Other malignancies that are sensitive to cuproptosis include castration resistant prostate cancer (CRPC), in which the combination of elesclomol-Cu and ferroptosis induction (IKE) induces effective differentiation and apoptosis of differentiation-resistant tumour cells[102], and myelodysplastic syndromes, in which the combination of elesclomol-Cu and ferroptosis induction (IKE) results in potent differentiation and apoptosis of differentiation-resistant tumor cells[103].

9. THE BIOMARKERS AND DETECTION METHODS.

9.1 Cuprotic Induction Measuring Techniques.

Strong evaluation tools to measure cuproptosis induction are needed to develop preclinical and clinical translation.
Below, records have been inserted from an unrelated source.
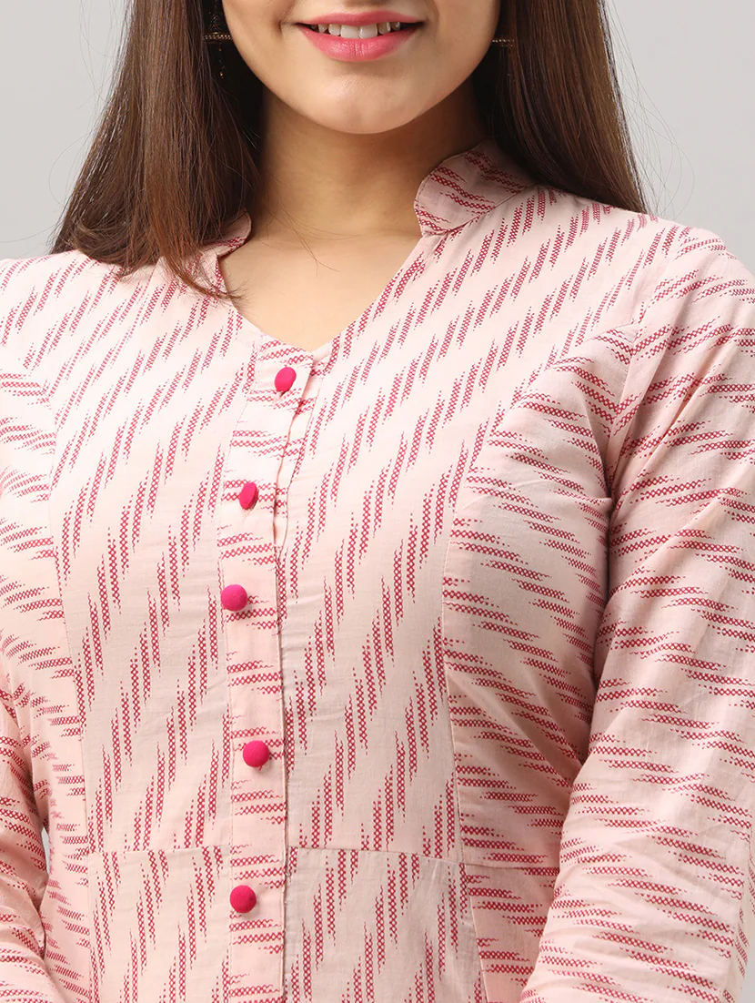 Elegant Ikat Print: Features a traditional Ikat pattern that adds a touch of ethnic charm.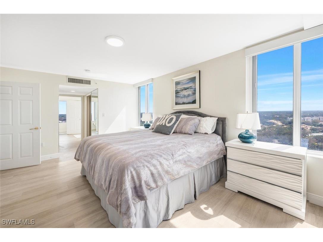 Experience breathtaking views from this luxurious 17th-floor, 3-bedroom, 2-bathroom condo in the highly desirable Pelican Bay, Naples—your ideal winter retreat. The living room features chic, comfortable furnishings and a large screen TV, perfect for relaxation. The open, airy kitchen offers plenty of cabinet and counter space for convenience and functionality. The primary suite is filled with natural light, with large windows and a full door wall opening to a screened lanai. It includes a king-sized bed, elegant wood floors, and a lavish en-suite bathroom featuring dual sinks, a walk-in shower, and a soaking tub with a stunning view. The guest bedrooms are equally inviting, with two full beds in one room and two twin beds in the other, sharing a well-appointed bathroom. 4 month minimum, per owner. Also available annually for $7,000/month beginning April 2025 Unwind on your open-air balcony with sweeping Gulf views. St. Laurent offers resort-style amenities such as a pool/spa area, tennis courts, BBQ, fitness room, library, billiards, and a social room. Pelican Bay adds even more to your lifestyle with private beachfront restaurants and bars, a beach shuttle, fitness classes, and a community center packed with activities. Getting to the beach from St Laurent is easy. You can step out of the building and catch the tram or enjoy a 10 minute walk through the mangrove on the boardwalk. All you need is your towel! Discover the best of Naples living and live exceptionally in Pelican Bay!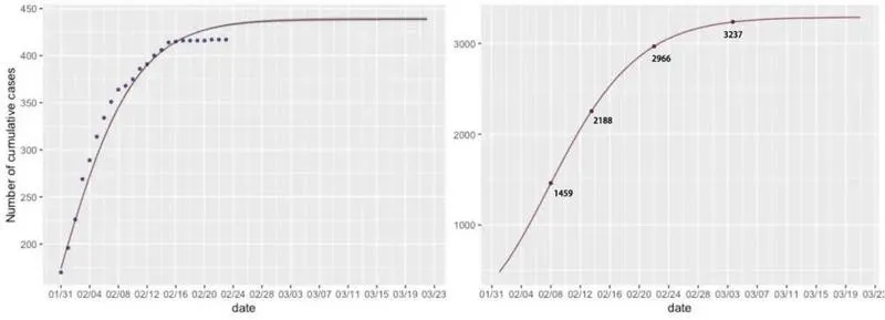进一步地拟合深圳新冠肺炎的累计确诊人数,并对累计确诊人数做出预测。可以看到,模型预测自2月28日起病例数不再增加,预测得到最终的累计确诊人数收敛在422人左右。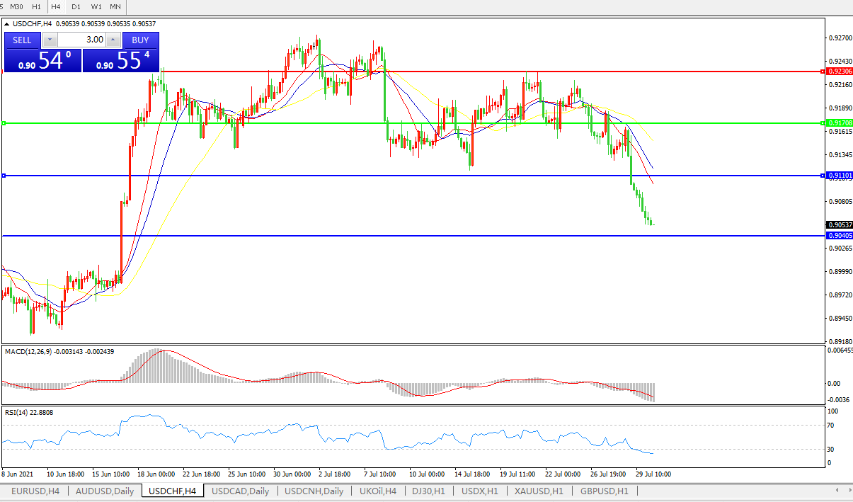交易策略:0.9170下方看跌,目标0.9110、0.9040
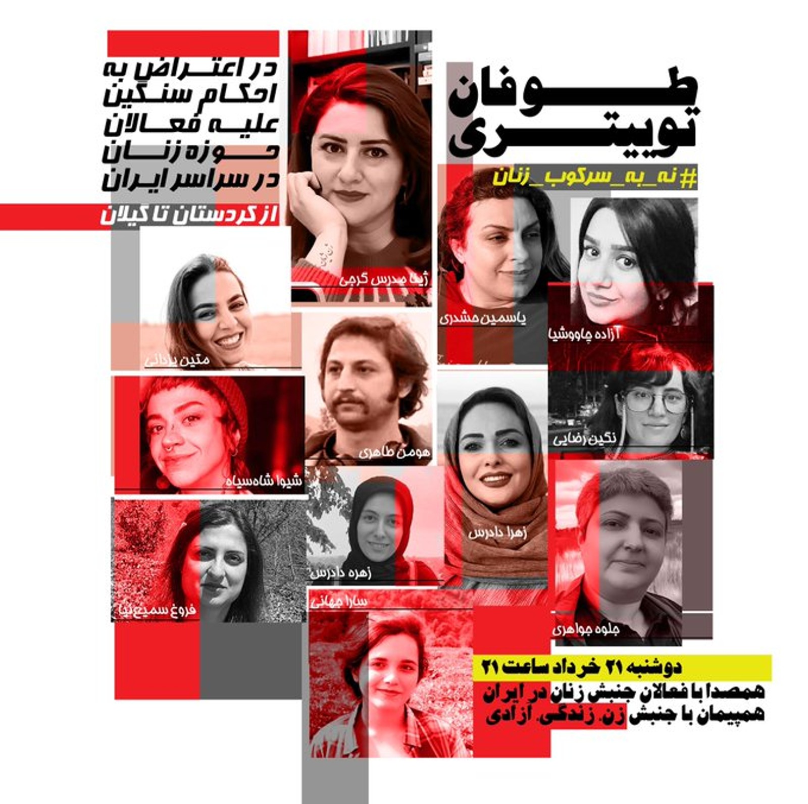 این طوفان توییتری شامگاه دوشنبه ۲۱ خرداد با هشتگ «نه به سرکوب زنان» در اعتراض به صدور احکام سنگین علیه فعالان حوزه زنان سراسر ایران از کردستان تا گیلان به راه افتاد.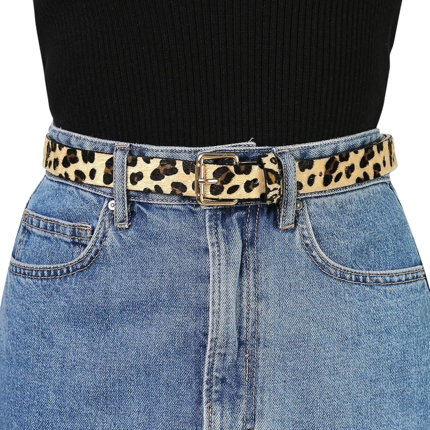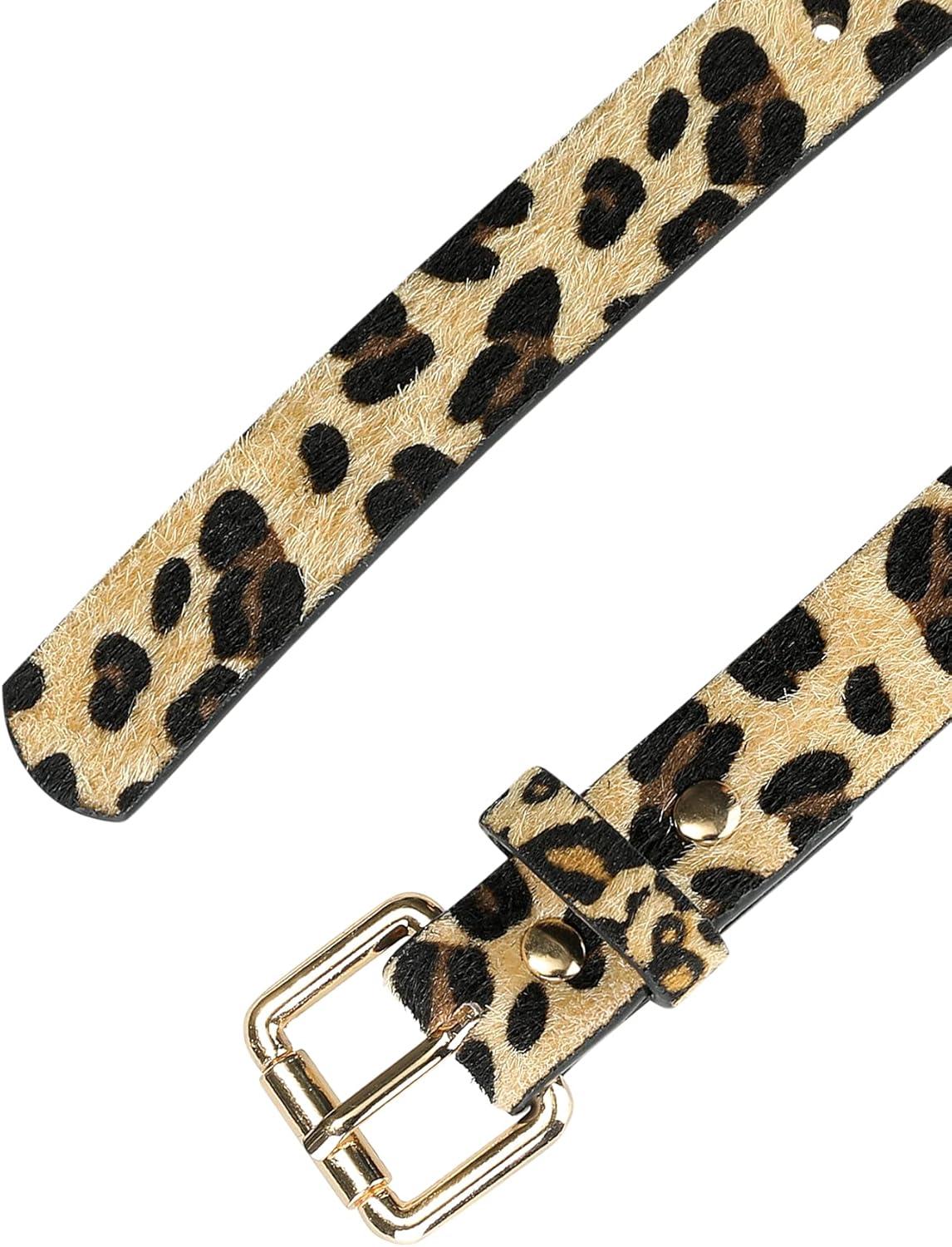 The classic leopard embossed women belt have a metal pin buckle and match keeper.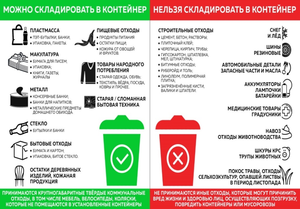✅ любые бытовые предметы, не позволяющие их поместить в мусорный бак.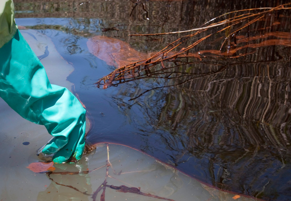 Los derrames de petróleo pueden agotar el oxígeno en el agua, proporcionando una fuente de alimento para los microbios que crecen sobre el petróleo y el consumo de oxígeno en el proceso.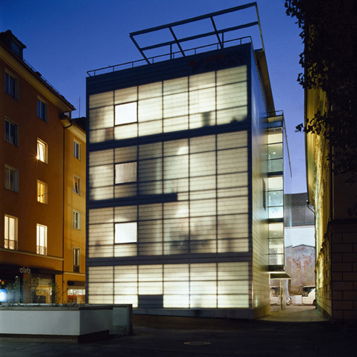 Das wichtigste Argument gegenüber den Skeptikern war die Transluzenz des Gebäudes; sie nimmt dem Gebäude die Schwere und gibt ihm jene Besonderheit, die eine Andersartigkeit für die meisten erst rechtfertigt. Die Materialität der Fassade ist ausschlaggebend für die fast unumstrittene Selbstverständlichkeit, die das Bauwerk trotz aller Widerstände inzwischen schon erreicht hat; derzeit wird sicher kein Gebäude so oft von Passanten mit den Händen betastet wie das Sporthaus Okay. (Text: Wolfgang Pöschl)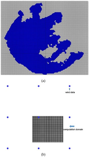 The figures above show that remote sensing is very powerful for long time series TSM data. But to study the short duration process of the TSM movement, simulations need to be done when there are obvious characteristics of wind. Figure 6a shows the computational domain of Lake Taihu. It is a rectangular staggered Cartesian grid and the area fits the water area of Lake Taihu. The size of the computational domain is 82 km by 69 km. A grid size of ∆x=∆y=923.5 m is used based on the resolution of GOCI data. The information of sediment particle is collected from experiment [4]. The particle size is 18 and density is 1.5 103 . The main source TSM is from initial input and resuspension. From our experiment in this paper, most of it is inorganic. Figure 6b shows the relative location of the computation domain and wind velocity data from ECMWF. The blue points are the locations of the wind data from ECMWF and the values are projected to the computational grid points using bilinear interpolation.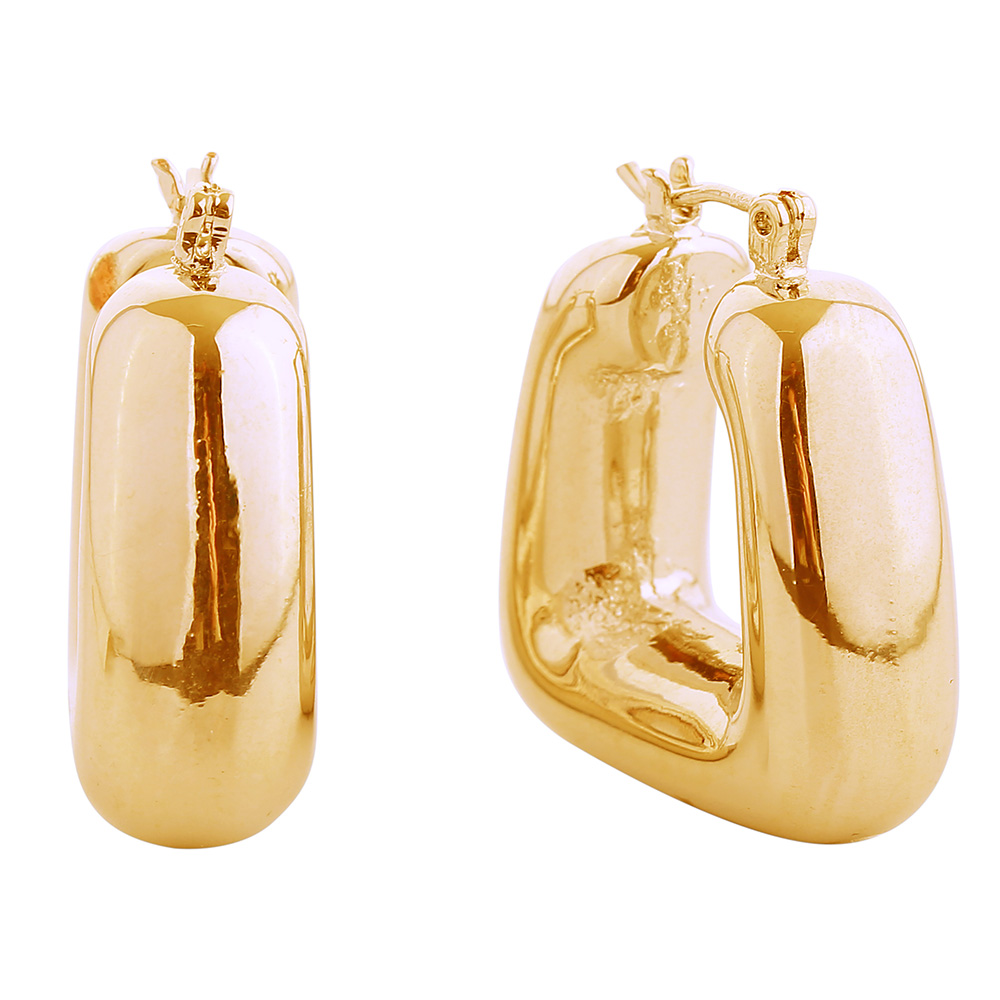 Details • Size : 1" X 1.1" • Pin Catch • Statement square hoop earrings crafted with a smooth, sculpted finish that merges elegance with a contemporary edge. Perfect for elevating casual looks or adding standout style to evening wear, these hoops bring a chic and versatile touch. • Brass • Gold Dipped • Hypoallergenic • Lead and Nickel Compliant • Made In Korea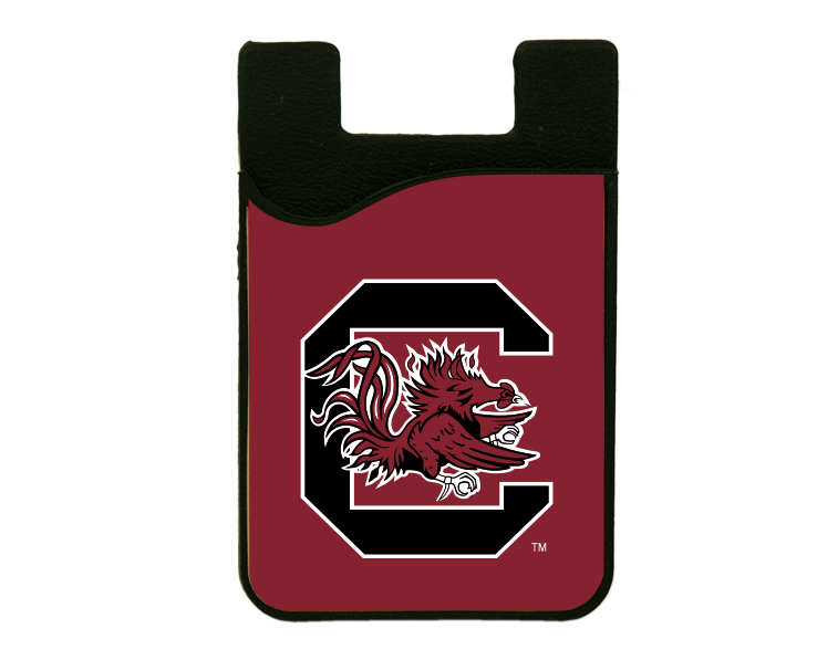 Officially Licensed Product. South Carolina Gamecocks Keep your ID and credit cards handy with this silicone and microfiber card holder. Adheres to the back of almost any cell phone. Front microfiber piece come off and serves as a screen cleaner. 12 pieces in inner pack 144 per case.

Current techniques include:

Flow cytometry Cuproptotic cells have typical phenotypes such as loss of mitochondrial membrane potential (measured by TMRM or TMRE staining), lack of Annexin V binding (not apoptosis), and alteration of membrane permeability measured by propidium iodide uptake[104].

Transmission Electron Microscopy (TEM): Ultrastructural examination demonstrates cuproptosis-related morphology, which includes a disruption of mitochondrial cristae, accumulation of protein aggregates in mitochondria, and retained nuclear architecture[105].

Immunofluorescence Microscopy: Cellular-resolution measurement of cuproptosis induction can be achieved by direct visualization of protein aggregates using ubiquitin staining, lipoylated protein staining, and aggregation-specific antibodies[106].

Metabolomics and Proteomics: Metabolic signatures such as TCA cycle impairment, pyruvate build-up, lactate, and citrate are observed by LC-MS/MS analysis with proteomic evidence of lipoylated protein aggregation[107].

Real-Time Cellular Analysis: Impedance-based biosensors that allow monitoring cell death kinetics caused by cuproptosis in real-time, which is better than end-point viability assays to determine temporal dynamics[108].

9.2 Cuproptosis-related gene identification

Extensive transcriptomic and genomic studies have defined the major genes that are involved in the maintenance of cuproptosis sensitivity[109]:

Copper Homeostasis Genes: CTR1 (copper uptake), ATP7A/B (copper efflux), ATOX1(copper trafficking) where CTR1 is downregulated (linked with cuproptosis resistance)[110].

Cuproptosis Core Genes: The FDX1 (ferredoxin 1) upregulation is associated with cuproptosis sensitivity, and the upregulation of DLAT (dihydrolipoamide acetyltransferase) increases cuproptosis sensitivity[111].

Metabolic Genes: CDKN2A, which controls glycolysis and copper homeostasis, genes that control dependence on oxidative phosphorylation[112].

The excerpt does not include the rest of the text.